Plots of order parameters of DPPTC (A), 5PC (B), 10PC (C) and 14PC (D) versus peptide:lipid ratio (P/L ratio) of SARS-2 FP, SARS FP and MERS FP in POPC/POPG/Chol = 3/1/1 MLVs in buffer at pH5 with 150 mM NaCl at 25 °C. Black, SARS-2 FP with 1 mM Ca²⁺ and at pH 5; red, SARS-2 FP with 1 mM EGTA; blue, SARS FP with 1 mM Ca²⁺; green, MERS FP with 1 mM Ca²⁺. The curves were fitted with the logistic function (Table 1A and 1B) (E). Plots of local order parameters of DPPTC versus P/L ratio as in A-D with pH indicated. Black, SARS-2 FP at pH 5; red, SARS-2 FP triple mutant (E4A_D5A_D15A) at pH 5; blue, SARS-2 FP at pH 7; and green, a peptide with shuffled sequence of SARS-2 FP at pH 5. (F) Plot of local order parameters of DPPTC with and without 1% peptide binding (ΔS₀) versus Ca²⁺ as in A-D. Black, SARS-2 FP; blue, SARS FP and green, MERS FP. The experiments were typically repeated three times. The typical uncertainties from simulation found for S₀ range from 1–5 × 10⁻³, while the uncertainties from repeated experiments were 5–8 × 10⁻³ or less than ± 0.01. We show in Panels A and B the bars for the standard deviation. Statistical significance analyses were performed using two-tailed Student’s t-test on the S₀′s of 0% SARS-2 FP and 5% SARS-2 FP at the “1mM Ca²⁺” condition, *** ≤ 0.001, highly significant.

Figure 4

ITC analysis of Ca²⁺ binding to FP of the coronaviruses. (A) SARS-2 FP, (B) SARS-2 FP triple mutant (E4A_D5A_D15A). (C) SARS-1 FP. (D) MERS FP. The peptides were titrated with CaCl₂ in the pH5 buffer. The integrated data represent the enthalpy change per mole of injectant, ΔH, in units of kcal/mol as a function of the molar ratio. The data were fitted using a one-site model (parameters shown in Table 3B).

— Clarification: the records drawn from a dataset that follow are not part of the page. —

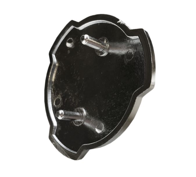 Rückansicht des DG Kühleremblems V8 aus silbernem Plastik mit Befestigungsstiften.
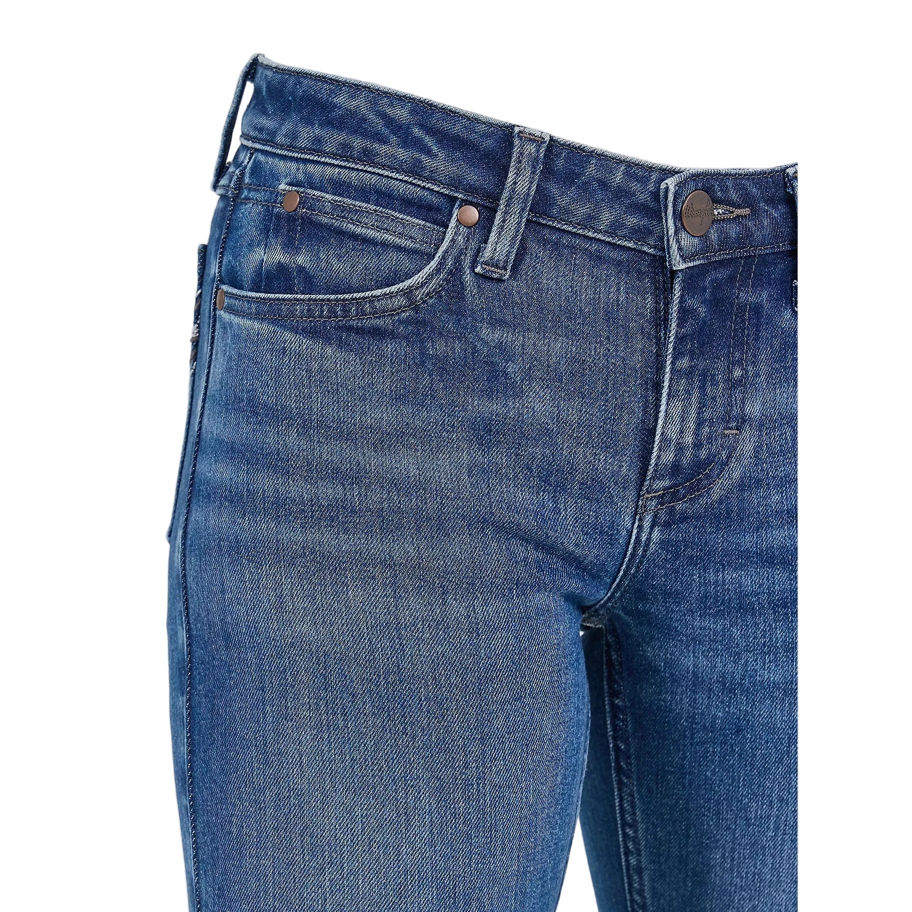 - Zip fly with button closure
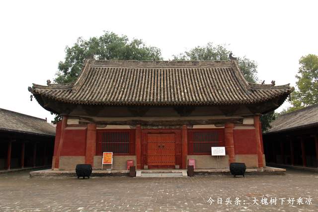这可是一座宋代大殿,跨越千年,留存到今天,大殿为北宋年间修建的,现在前后的献殿和寝殿是清代的时候修建的,把中间的北宋大殿包了起来,形成南北跨度很大的一组建筑,就看不出北宋大殿的整体风采。
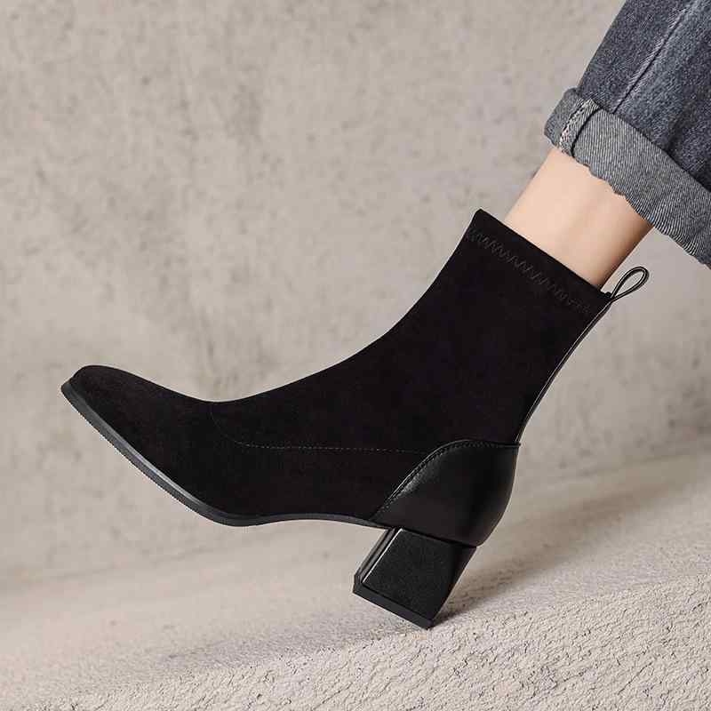 ブーツ レディース ストレッチ スエード調 サイドジップ ニーハイ ロング丈 ソックスタイプ チャン・・・
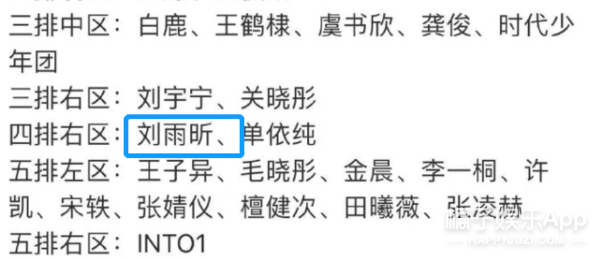 作为C位出道的刘雨昕只坐到第五排、甚至还没有舞台表演⬇
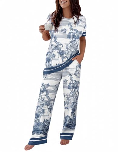 Perfect for Every Season – Soft and comfortable 2-piece lady pajamas are perfect for summer and winter nights, daily wear, lounging, or even shopping. This lovely printed short-sleeved pajama set is a perfect gift for your mom, daughter, wife, girlfriend, or best friend.

Data points and fitted data are overlaid.

Figure 5

The specificity of Ca²⁺. (A) Plots of local order parameter changes of DPPTC (ΔS₀) versus the P/L ratio with 1 mM ion concentration for a variety of ions and in buffer with 150 mM NaCl at pH5 and at 25 °C. (B) The same with 2 mM ion concentration. (C) Plots of local order parameter changes of DPPTC (ΔS₀) versus the concentration of the ions with 1% P/L ratio and at pH5. (D) ITC analysis of ions binding to SARS-2 FP in solution. The peptides were titrated with CaCl₂ in pH5 buffer.